它旨在向 Pub/Sub 主题发布消息,当文件完成上传到 google 云存储桶 ("finalize") 时触发。

我用来部署函数的代码是

gcloud functions deploy hello_gcs_generic --runtime python37 --trigger-resource bucketcfpubsub

我一直在尝试使用 this script provided by Google

import time

from google.cloud import pubsub_v1

project_id = "bucketcfpubsub"
topic_name = "projects/bucketcfpubsub/topics/pubsub"

publisher = pubsub_v1.PublisherClient()
topic_path = publisher.topic_path(project_id, topic_name)

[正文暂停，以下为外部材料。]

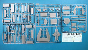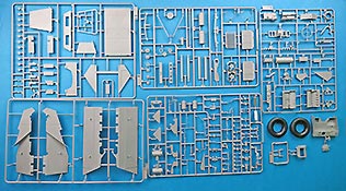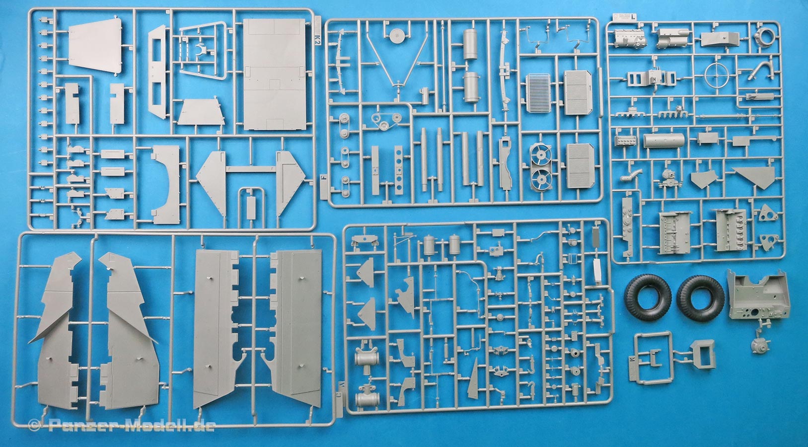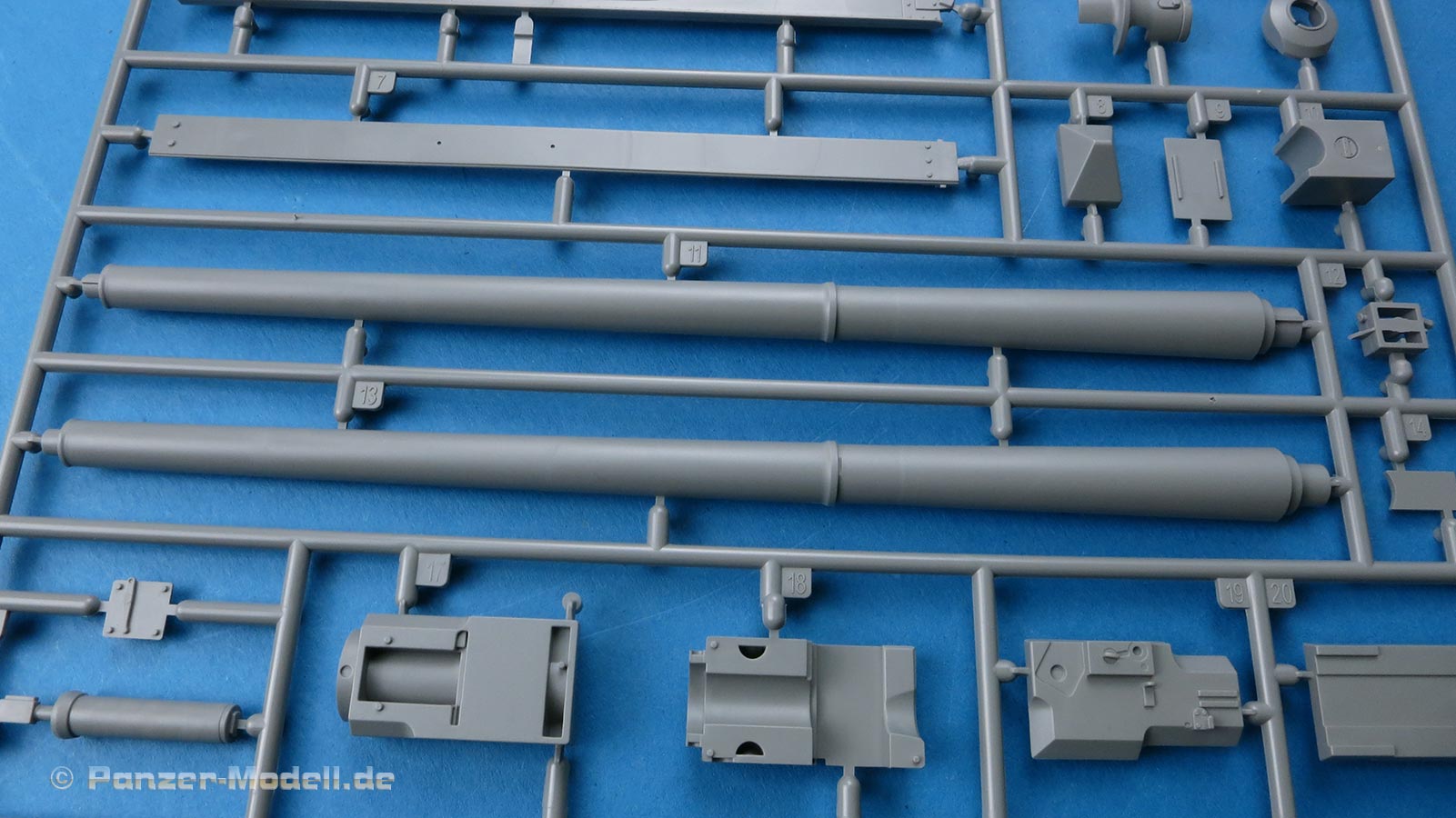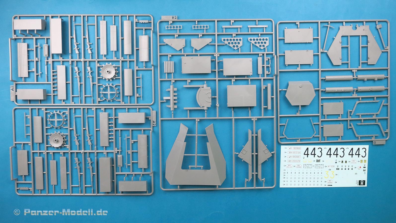 Insgesamt finden wir in dem wirklich gigantischen Karton 39(!) graue und einen klaren Spritzling. Dazu eine optionale Motorabdeckung, zwei Vinylreifen, ein Metallrohr für die Pak, eine kleine PE Platine und einen Decalbogen.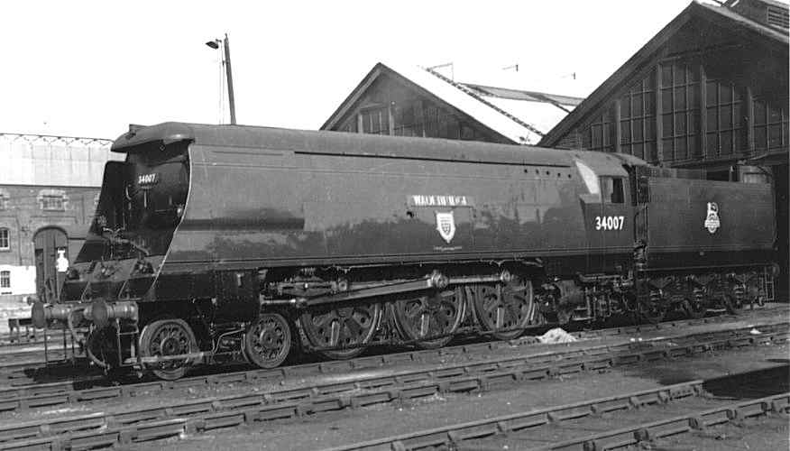 This photograph of Wadebridge on shed at Eastleigh during 1957 is reproduced with the permission of C M & J M Bentley.

def callback(message_future):
# When timeout is unspecified, the exception method waits indefinitely.
if message_future.exception(timeout=30):
    print('Publishing message on {} threw an Exception {}.'.format(
        topic_name, message_future.exception()))
else:
    print(message_future.result())

for n in range(1, 10):
    data = u'Message number {}'.format(n)
# Data must be a bytestring
    data = data.encode('utf-8')
# When you publish a message, the client returns a Future.
    message_future = publisher.publish(topic_path, data=data)
    message_future.add_done_callback(callback)

print('Published message IDs:')

# We must keep the main thread from exiting to allow it to process
# messages in the background.
while True:
    time.sleep(60)

我在 Google Cloud Console

中收到这些错误
ERROR: (gcloud.functions.deploy) OperationError: code=3, message=Function load error: Code in file main.py can't be loaded.
Detailed stack trace: Traceback (most recent call last):
  File "/env/local/lib/python3.7/site-packages/google/cloud/functions_v1beta2/worker.py", line 256, in check_or_load_user_function
    _function_handler.load_user_function()
  File "/env/local/lib/python3.7/site-packages/google/cloud/functions_v1beta2/worker.py", line 166, in load_user_function
    spec.loader.exec_module(main)
  File "<frozen importlib._bootstrap_external>", line 728, in exec_module
  File "<frozen importlib._bootstrap>", line 219, in _call_with_frames_removed
  File "<frozen importlib._bootstrap_external>", line 728, in exec_module
  File "<frozen importlib._bootstrap>", line 219, in _call_with_frames_removed
  File "/user_code/main.py", line 3, in <module>
    from google.cloud import pubsub_v1
ImportError: cannot import name 'pubsub_v1' from 'google.cloud' (unknown location)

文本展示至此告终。